Riscos do usuário de cocaína
Usuários de cocaína parecem correr riscos algo que similares de contrair o novo Coronavírus (nCoV) do que a população geral, embora com ingredientes insalubres sobrepostos. Usuários crônicos de cocaína tendem a apresentar condições de saúde preocupantes, como respostas imunológicas alteradas, problemas cardíacos e pulmonares, inadequada nutrição, uso da droga com outras pessoas (às vezes compartilhando as mesmas parafernálias ¾ canudo, dinheiro enrolado, cachimbo etc). O compartilhamento de cigarros (tabaco e maconha), dispositivos de inalação (Narguilé) também deve causar preocupação. Outrossim, a coexistência de infecções como HIV e Hepatites deve contribuir para um pior prognóstico, no caso de infecção concomitante por nCoV.

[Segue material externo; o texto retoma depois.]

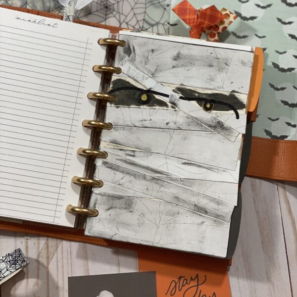 The mummy figure was a true labor of love. I kept putting paper down and it wasn’t feeling right. It wasn’t until I “accidentally“ got black stamping ink on the paper that I realized what was missing. So I embraced the mistake, and added more ink using my fingers to accent the mummy-wrap. And I love the way it turned out! Again, using some of the glitter dots and whimsical glitter edgers, I made the mummy eyes.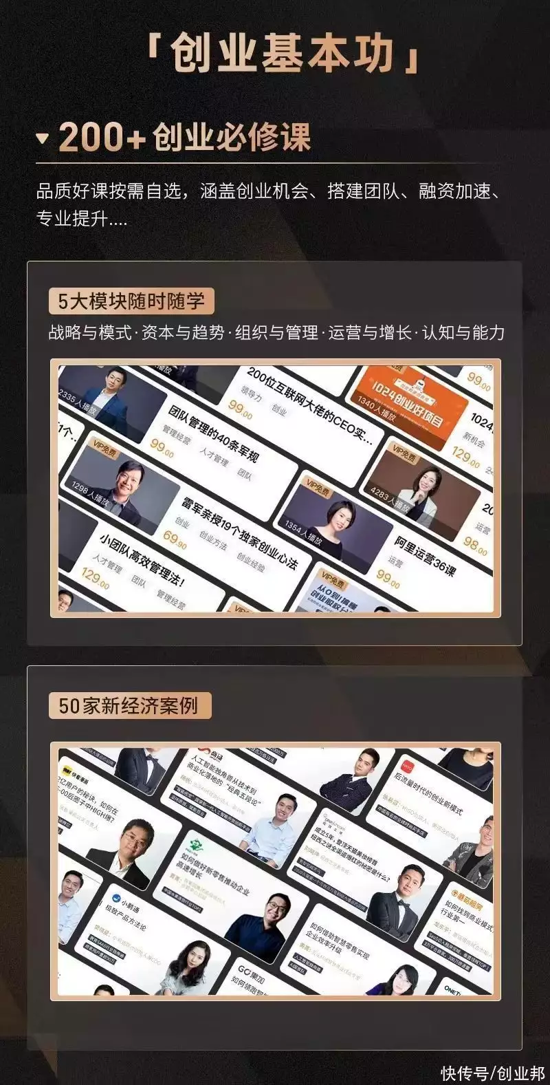 同时,会员还可以免费学习创业邦线上200+创业必修课,包含管理、品牌、营销、增长、融资、财税法等创业必备的知识和技能,升级你的创业思维,帮你打好创业基本功。
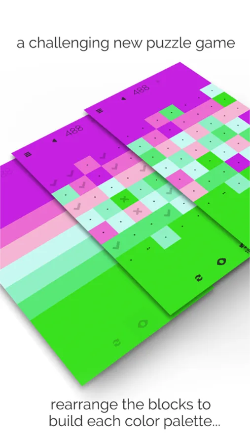 Your objective is simple, yet deceivingly complex: rearrange the blocks according to a palette of colors that blend together in harmony. Blocks may only move horizontally or vertically and each block must use up all its moves. Sophisticated color palettes range from simple boards with 3 colors up to incredibly challenging 10-color boards. As levels increase, so does the intricacy and beauty of each color palette.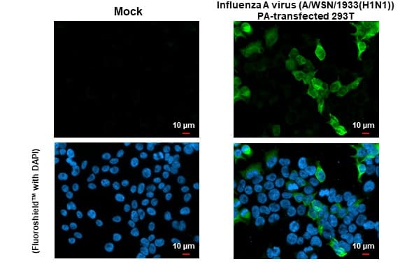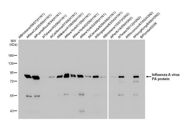 Rabbit Recombinant Monoclonal Influenza A virus PA protein (A/WSN/1933(H1N1)) antibody. Carrier free. Suitable for ICC/IF, WB and reacts with Transfected cell line, Purified native protein samples.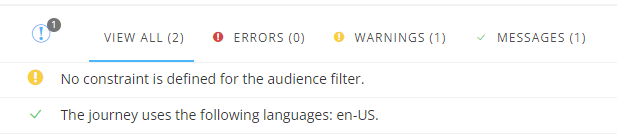 Notice that in the validation pane at the bottom, there's a warning saying 'No constraint is defined for the audience filter', which means that if we would activate this journey now, the email would be sent out to the entire audience.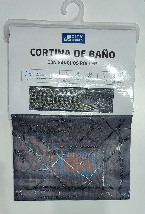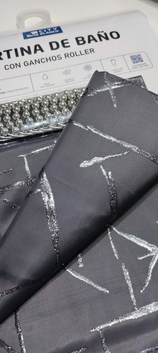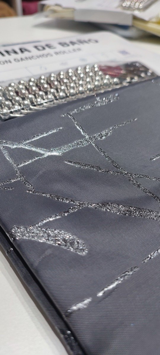 Cortina de tela teflonada con estampados plateados .

Além disso, não é incomum que usuários persistentes de cocaína também consumam tabaco. Mais do que 55% dos usuários de substâncias psicoativas fumam, e, como amplamente disseminado nos meios de comunicação, o consumo crônico de tabaco é um dos fatores de risco para a piora do prognóstico entre os infectados por nCoV.
Reiterando, o vírus é principalmente transmitido de pessoa para pessoa, através do contato próximo e através de gotículas respiratórias. Também, o vírus pode sobreviver por tempos variados em determinadas superfícies e substâncias.
Isolamento e consumo
Em situações de isolamento e estresse, como ocorre durante pandemias, usuários regulares tendem a buscar alívio das suas sensações negativas através do consumo de substâncias. Aqueles em recuperação poderão demonstrar aumentado risco de recaída, dadas as dificuldades para lidar com o confinamento e com as suas consequências nocivas. Desta forma, os profissionais da saúde envolvidos com o atendimento de pacientes portadores de problemas com o uso de substâncias devem estar alerta para esta possibilidade. Os clínicos devem monitorar estreitamente os seus pacientes, através de consultas presencias ou mesmo consultas virtuais (telemedicina).
Consumo de substâncias psicoativas em aglomerados
Se os casos individuais são inquietantes, os casos de uso de substâncias psicoativas em aglomerados são ainda mais perturbadores e desafiadores. Nem todos os usuários de cocaína a consomem solitariamente; alguns deles o fazem próximo de outras pessoas. Também, a população que faz uso de substâncias (especialmente cocaína/crack) em aglomerados nas ruas, com péssimas condições de higiene e sem moradia constitui um sério desafio para a saúde pública.
Muitos dos riscos de infecção dos usuários de cocaína/crack são indiretos, ou seja, estão relacionados principalmente à falta de moradia e higiene bem como ao reduzido acesso aos serviços públicos de saúde especializada.
A interrupção e o encerramento dos serviços de tratamento para os dependentes químicos em situação de rua aumentam o problema de forma vertiginosa. Os serviços de assistência aos dependentes químicos em geral, especialmente aos usuários em situação de rua, devem continuar funcionando. Encerrar serviços de assistência pública para esta população, deixando esta tarefa apenas para serviços locais gerenciados por ONGs, deve ser desencorajado. Isso significa que ambos devem funcionar e em conjunto.
Isolamento e estresse fomentam o consumo
Tendo em vista os riscos sobrejacentes de pior prognóstico para aqueles que fazem uso de cocaína/crack, algumas sugestões podem ser aqui aventadas:
a) manter serviços de assistência aos dependentes químicos durante a pandemia;
b) disseminar informações, reiteradamente, sobre as principais vias de contaminação; para isso, é necessário desenvolver uma forma eficaz de comunicação que atinja todos. A formação de agentes multiplicadores de informação é extremamente válida
c) o compartilhamento de parafernálias deve ser fortemente desencorajado;
d) disponibilização de locais providos de água, sabão, desinfetante para as mãos com concentração mínima de 70% de álcool etílico;
e) incentivar a interrupção do consumo de substâncias;
f) promover ações que apoiem e incentivem a procura por serviços de saúde e assistência social (mas estes devem existir, devem permanecer funcionando!);
g) promover ações diárias de higienização nos locais públicos onde o consumo de cocaína/crack viceja;
h) estabelecer protocolos para reduzir o risco de transmissão, tanto aos profissionais quanto aos pacientes, incluindo barreiras de proteção. O que não pode ocorrer é o encerramento das assistências médica e psicossocial.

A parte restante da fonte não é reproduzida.